Кудрявцев слово в слово повторил показания Саидова. Допрос еще не закончился, когда на пороге кабинета появился Сизов, приехавший с обыска. Попросив Кудрявцева выйти, он передал следователю пачку проштампованных чистых экзаменационных бланков белого цвета и записку следующего содержания:

«Перед каждым экзаменом с 8 до 8.30 ждать звонка. 8.08, 9.08 с 8 до 8.30 сочинение зоофак. 14.08, 15.08 с 8 до 8.30 сочинение мехфак».
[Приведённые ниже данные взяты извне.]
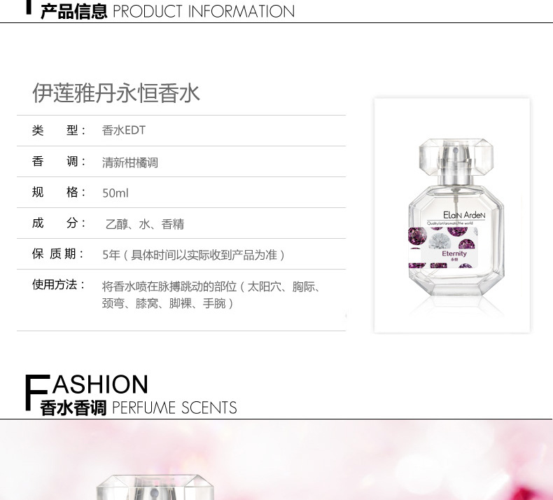 美汇特供:伊莲雅丹女士香水永恒香氛法国进口正品持久清新

Документы были изъяты из-за обшивки чемодана Лемещука. Вызвали из коридора Саидова и Кудрявцева.

— Где может находиться ваш приятель? — спросил Евстафьев.

— Гуляет где-нибудь, веселится, — хмуро бросил Кудрявцев. — Ему-то что — почти студент.

— Вот именно, почти. Почти, как и вы. Ладно, отправляйтесь домой. С вами поедут наши сотрудники и дождутся Лемещука. Вы же не пытайтесь каким-либо образом предупредить его о случившемся.

— Что вы, что вы, — наперебой стали уверять они, довольные тем, что так трагически начавшийся день заканчивается не совсем печально.

Проводив их, Евстафьев поднялся к прокурору.

— Как успехи? — спросил тот, устало потирая ладонью виски.

Следователь доложил результаты проделанной работы.

— Знаете, Владимир Григорьевич, — заметил, выслушав его, Верников. — Вы на верном пути, но проверяете пока только одну узкую линию Саидов — Кудрявцев — Лемещук — неизвестный работник института. Но ведь все упирается в бланки, а их может достать только должностное лицо института. Кстати, бланки не фальшивые?

— На первый взгляд нет. Позже я проведу криминалистическую экспертизу.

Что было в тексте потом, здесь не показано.